Re: 2.4.15pre6aa1 (fixes google VM problem)

From: Linus Torvalds (torvalds@transmeta.com)
Date: Mon Nov 19 2001 - 13:57:35 EST


On Mon, 19 Nov 2001, Andrea Arcangeli wrote:

>
> Ok here it is against 2.4.15pre6:
>
> ftp://ftp.us.kernel.org/pub/linux/kernel/people/andrea/patches/v2.4/2.4.15pre6/zone-watermarks-1

Hmm.. I see what you're trying to do, but it seems overly complicated to
me.

Correct me if I'm wrong, but what you really want to say is basically:

   If we're doing a allocation from many zones, we don't want to allow an
   allocator that can use big zones to deplete the small zones.
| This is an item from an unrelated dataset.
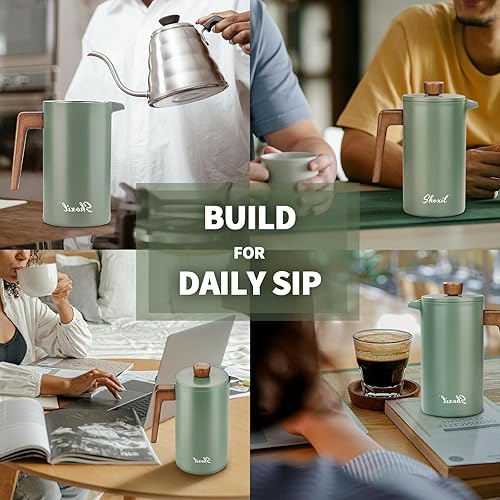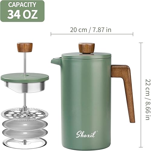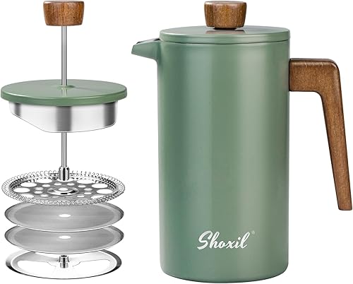 shoxil Cafetière à piston en acier inoxydable avec poignée en bois véritable, double paroi isolée avec double filtre écran, parfaite pour le camping et la cuisine

You do this by building up this "per-zone-per-classzone" array, which
basically says that "if you had a big classzone, your minimum requirements
for the next zonelist are higher".

Now, I'd rather look at it from another angle: the fact is that the simple
for-loop that allows any allocator to allocate equal amounts of memory
from any zone it wants is kind of unfair. So the for-loop is arguably
broken.

So we currently have a for-loop that looks like

        for (;;) {
                zone_t *z = *(zone++);
                ..
                min = z->pages_low;
                ..
        }

and the basic problem is that the above loop doesn't have any "memory": we
really want it to remember the fact that it has had an earlier zone that
was perhaps large, and not just see each new zone as an independent
allocation decision.

So why not have the much simpler patch to just say:

        min = 0;
        for (;;) {
                zone_t *z = *(zone++);
                ..
                min = (min >> 2) + z->pages_low;
                ..
        }

or similar that simply _ages_ the "min" according to previous zones that
we've already tried. That makes the data structures much simpler, and
shows much more clearly what it is we are actually trying to do. We're
trying to say that the size of the previous zones in the allocation list
_does_ matter. Basically now we have a "history" of how much memory we
have already looked at.

(The "(min >> 2) + new" is obviously just a first try, I'm not claiming
it's a particularly good aging function, but it's the standard kind of
exponential aging approach).

With something like the above, the threshold of allocation in smaller
zones is much higher: let's say that your HIGHMEM zone is four times as
big as your NORMAL zone, then a HIGHMEM allocation will want to see twice
as much memory in the NORMAL zone than a NORMAL allocation would want to.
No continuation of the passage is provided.